Papers Easy-to-understand explanation in Japanese Wikipedia
By the way, the second author of the SimRank paper is a super-famous DB researcher.
In the paper, there was a method to calculate SimRank for bipartite graph, so I implemented it as well.
simrank.py
import numpy as np
def simrank(G,C,n,t=10):
S = np.identity(n)
I = np.identity(n)
G = normalize(G)
i = 1
while True:
S = C * np.dot(np.dot(G.T,S),G) + (1-C) * I
for j in range(n):
S[j][j] = 1
if i >= t:
break
i += 1
return S
def bipertite_simrank(G,C,n,m,diag_1=True,t=10):
S1 = np.identity(n)
S2 = np.identity(m)
I1 = np.identity(n)
I2 = np.identity(m)
G_T = normalize(G.T)
G = normalize(G)
i = 1
while True:
S2 = C * np.dot(np.dot(G.T,S1),G) + (1-C) * I2
for j in range(m):
S2[j][j] = 1
S1 = C * np.dot(np.dot(G_T.T,S2),G_T) + (1-C) * I1
for j in range(n):
S1[j][j] = 1
if i >= t:
break
i += 1
return (S1,S2)
def normalize(G):
s = G.sum(0)
return G/s
if __name__ == '__main__':
C = 0.8
""" univ """
n = 5
G = np.zeros((n,n))
G[0][1] = 1
G[0][2] = 1
G[1][3] = 1
G[2][4] = 1
G[3][0] = 1
G[4][2] = 1
S = simrank(G,C,n)
print S
print '=================='
""" cake """
n = 2
m = 4
G = np.zeros((n,m))
G[0][0] = 1
G[0][1] = 1
G[0][2] = 1
G[1][1] = 1
G[1][2] = 1
G[1][3] = 1
S1, S2 = bipertite_simrank(G,C,n,m)
print S1
print S2
As a matter of fact, just calculate and update the matrix product.

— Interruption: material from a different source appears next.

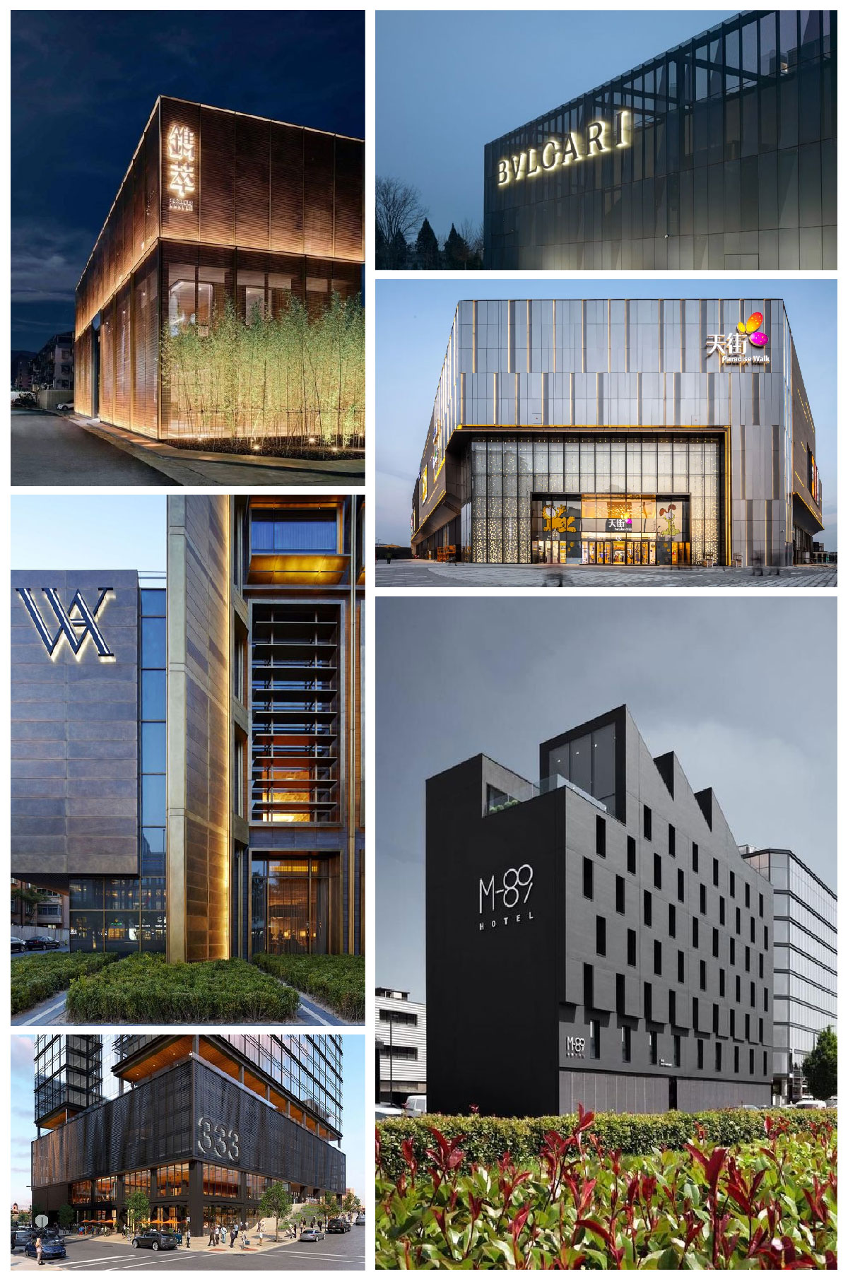中位樓體案名通常在處于戶外雨棚位置的上方的外立面,在中距離處可以清晰地看到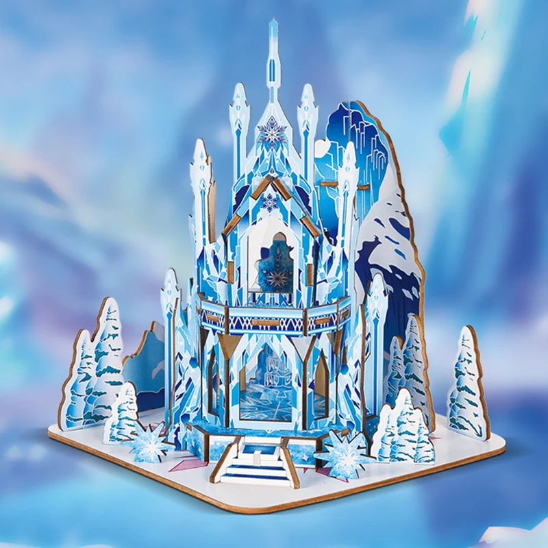 3D пазл Ледяной замок, лазерная резка, деревянные наклейки ручной работы, детские образовательные игрушки с 68 частями

The value of C is said to be about 0.8 in the paper, but it seems that about 0.6 is good in subsequent research (source is Wikipedia).
Also, the number of iterations is enough in the paper, but it seems that it is better to do more in subsequent research (source is Wikipedia).
>> python simrank.py
[[ 1. 0. 0.1321943 0. 0.032768 ]
[ 0. 1. 0.4131072 0. 0.10575544]
[ 0.1321943 0.4131072 1. 0.04096 0.08687124]
[ 0. 0. 0.04096 1. 0.33048576]
[ 0.032768 0.10575544 0.08687124 0.33048576 1. ]]
==================
[[ 1. 0.54658196]
[ 0.54658196 1. ]]
[[ 1. 0.61863088 0.61863088 0.43726175]
[ 0.61863088 1. 0.61863088 0.61863088]
[ 0.61863088 0.61863088 1. 0.61863088]
[ 0.43726175 0.61863088 0.61863088 1. ]]
It matches the results in the paper (Figure 1, Figure 2), so I'm sure it matches!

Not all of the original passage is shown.